Using the listing below, set down exactly the lines from the one that contains "Woche! Viele Grüße" through the one that contains "형형색색의 밑판을 가진, 아파트", with no pictures.

§ DATA RECORDS:
------------------------------------------------

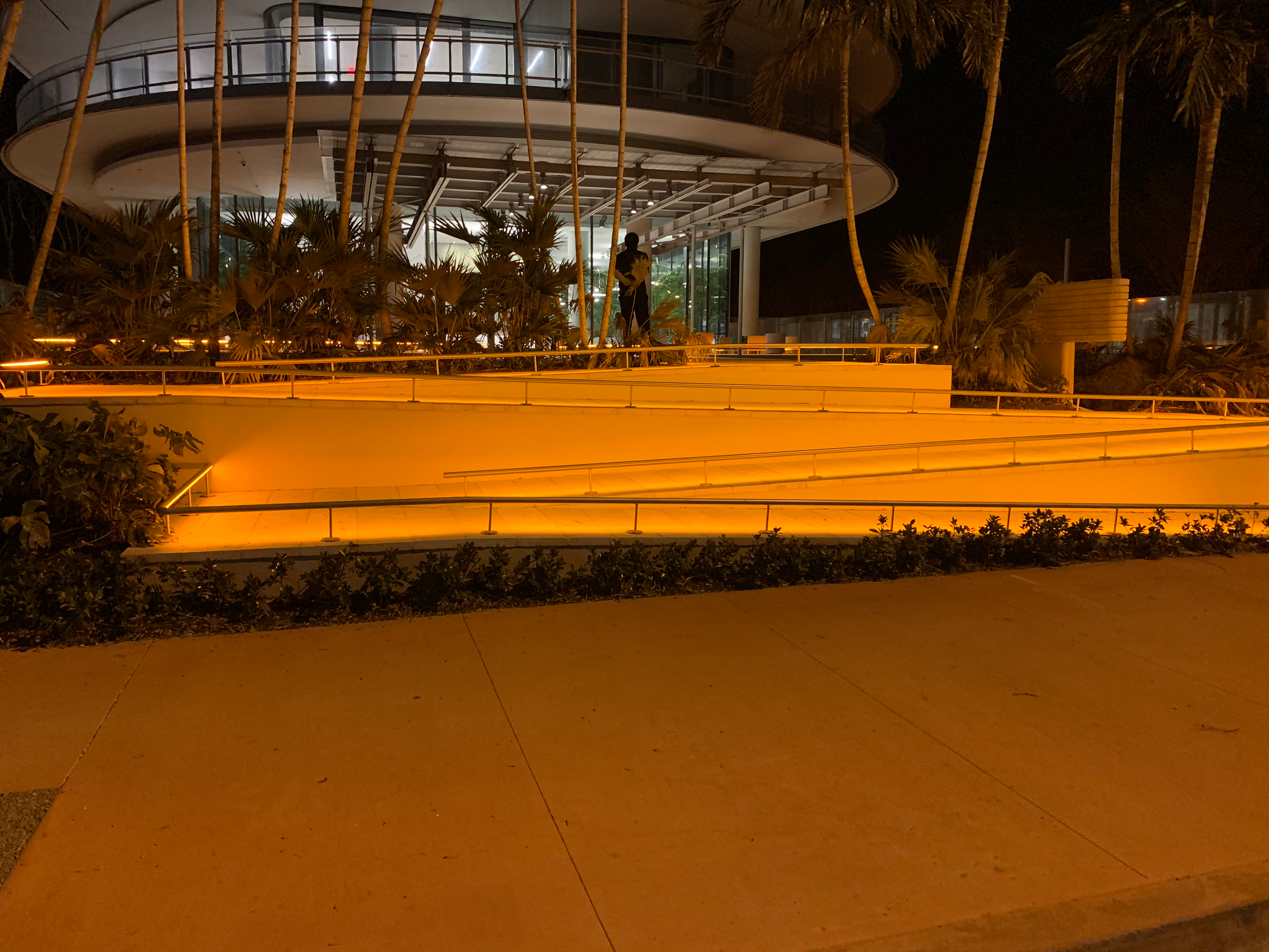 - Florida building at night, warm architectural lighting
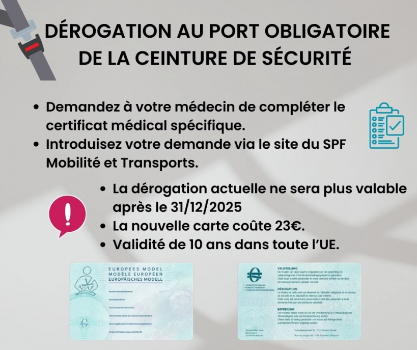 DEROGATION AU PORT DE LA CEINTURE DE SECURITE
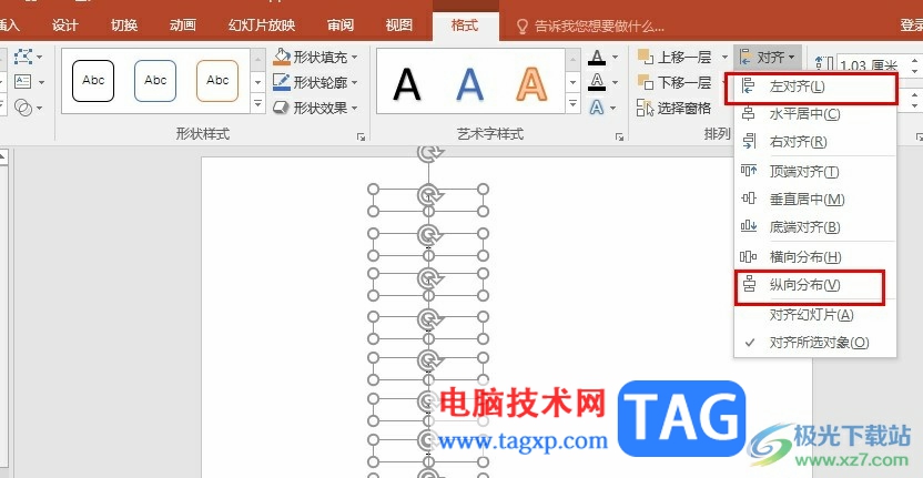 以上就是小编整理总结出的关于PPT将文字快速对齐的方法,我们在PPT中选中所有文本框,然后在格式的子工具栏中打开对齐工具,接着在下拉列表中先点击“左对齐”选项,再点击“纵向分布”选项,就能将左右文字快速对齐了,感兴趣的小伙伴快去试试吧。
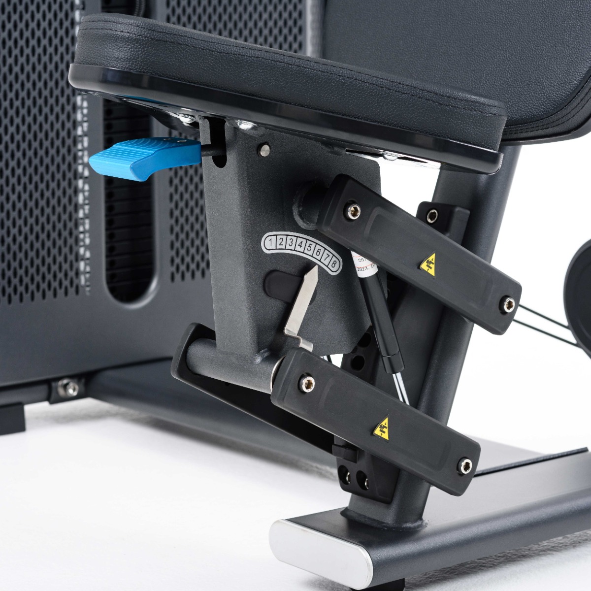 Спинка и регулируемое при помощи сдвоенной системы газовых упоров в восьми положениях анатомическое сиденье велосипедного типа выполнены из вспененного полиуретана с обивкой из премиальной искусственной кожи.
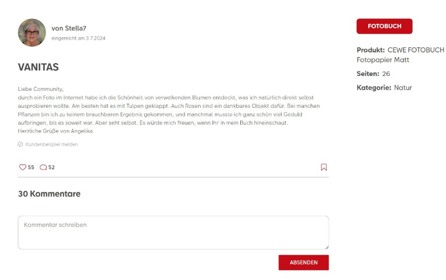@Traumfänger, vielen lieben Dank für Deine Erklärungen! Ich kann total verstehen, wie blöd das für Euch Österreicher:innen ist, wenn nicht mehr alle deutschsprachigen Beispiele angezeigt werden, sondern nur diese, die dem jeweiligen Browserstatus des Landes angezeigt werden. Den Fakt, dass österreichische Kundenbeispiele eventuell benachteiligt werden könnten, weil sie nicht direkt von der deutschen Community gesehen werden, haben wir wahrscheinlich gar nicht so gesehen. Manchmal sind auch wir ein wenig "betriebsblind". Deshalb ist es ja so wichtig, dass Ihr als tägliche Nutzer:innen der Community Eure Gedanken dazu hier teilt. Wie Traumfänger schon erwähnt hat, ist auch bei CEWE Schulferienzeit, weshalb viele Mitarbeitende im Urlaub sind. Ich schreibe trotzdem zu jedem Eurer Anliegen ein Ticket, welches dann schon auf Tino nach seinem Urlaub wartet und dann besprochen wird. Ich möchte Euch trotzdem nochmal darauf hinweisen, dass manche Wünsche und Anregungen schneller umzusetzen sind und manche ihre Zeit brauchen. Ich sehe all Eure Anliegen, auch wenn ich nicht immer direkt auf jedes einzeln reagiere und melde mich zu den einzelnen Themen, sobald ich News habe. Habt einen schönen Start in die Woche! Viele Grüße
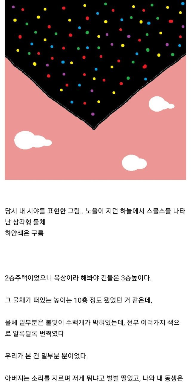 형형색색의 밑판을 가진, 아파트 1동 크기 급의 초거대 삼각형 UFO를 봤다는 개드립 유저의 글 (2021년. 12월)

------------------------------------------------

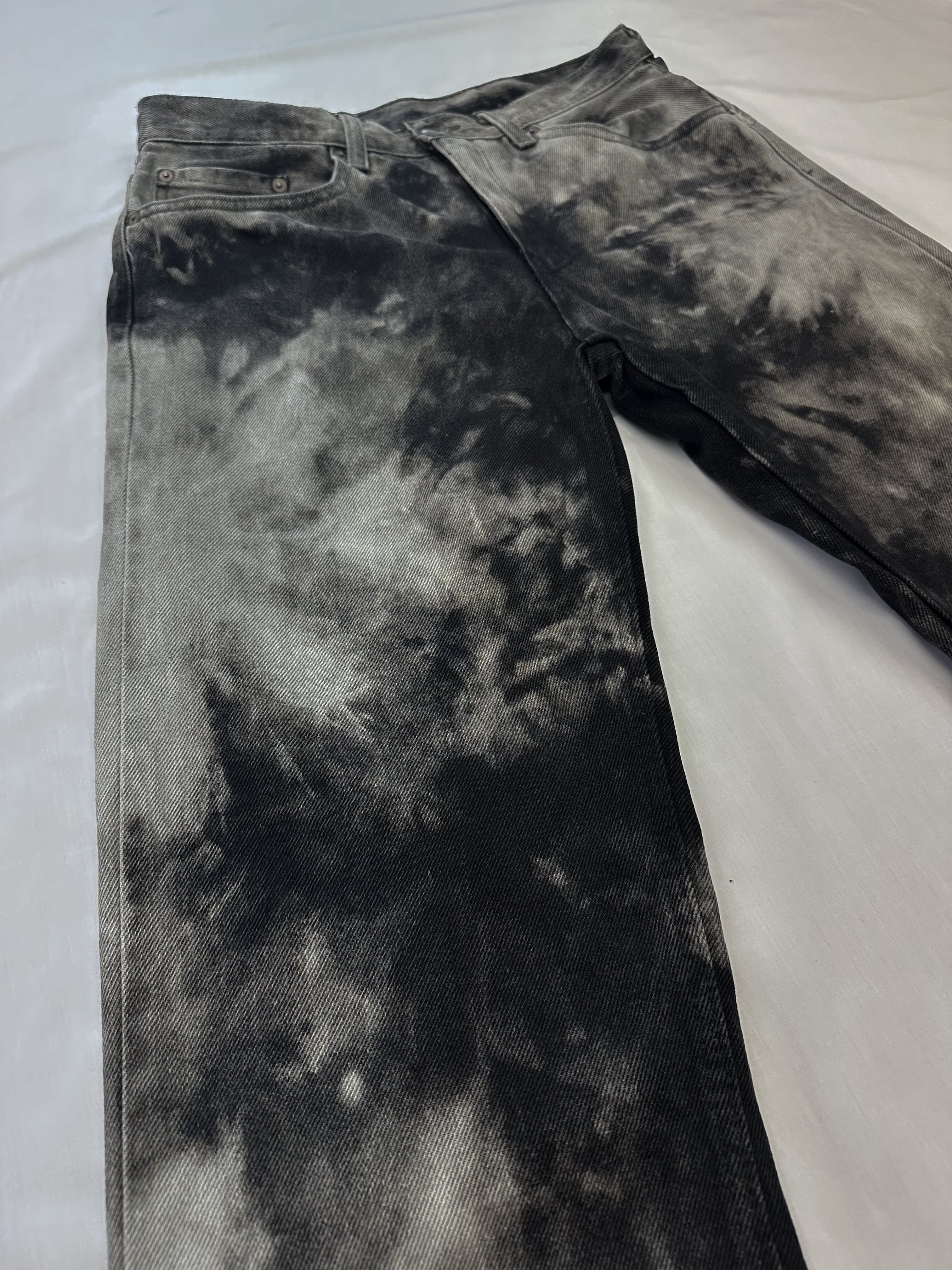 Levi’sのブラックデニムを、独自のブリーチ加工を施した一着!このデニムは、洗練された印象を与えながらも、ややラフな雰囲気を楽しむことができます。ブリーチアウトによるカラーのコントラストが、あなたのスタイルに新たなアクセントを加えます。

------------------------------------------------

§ OUTPUT FOR THIS TASK:
@Traumfänger, vielen lieben Dank für Deine Erklärungen! Ich kann total verstehen, wie blöd das für Euch Österreicher:innen ist, wenn nicht mehr alle deutschsprachigen Beispiele angezeigt werden, sondern nur diese, die dem jeweiligen Browserstatus des Landes angezeigt werden. Den Fakt, dass österreichische Kundenbeispiele eventuell benachteiligt werden könnten, weil sie nicht direkt von der deutschen Community gesehen werden, haben wir wahrscheinlich gar nicht so gesehen. Manchmal sind auch wir ein wenig "betriebsblind". Deshalb ist es ja so wichtig, dass Ihr als tägliche Nutzer:innen der Community Eure Gedanken dazu hier teilt. Wie Traumfänger schon erwähnt hat, ist auch bei CEWE Schulferienzeit, weshalb viele Mitarbeitende im Urlaub sind. Ich schreibe trotzdem zu jedem Eurer Anliegen ein Ticket, welches dann schon auf Tino nach seinem Urlaub wartet und dann besprochen wird. Ich möchte Euch trotzdem nochmal darauf hinweisen, dass manche Wünsche und Anregungen schneller umzusetzen sind und manche ihre Zeit brauchen. Ich sehe all Eure Anliegen, auch wenn ich nicht immer direkt auf jedes einzeln reagiere und melde mich zu den einzelnen Themen, sobald ich News habe. Habt einen schönen Start in die Woche! Viele Grüße
 형형색색의 밑판을 가진, 아파트 1동 크기 급의 초거대 삼각형 UFO를 봤다는 개드립 유저의 글 (2021년. 12월)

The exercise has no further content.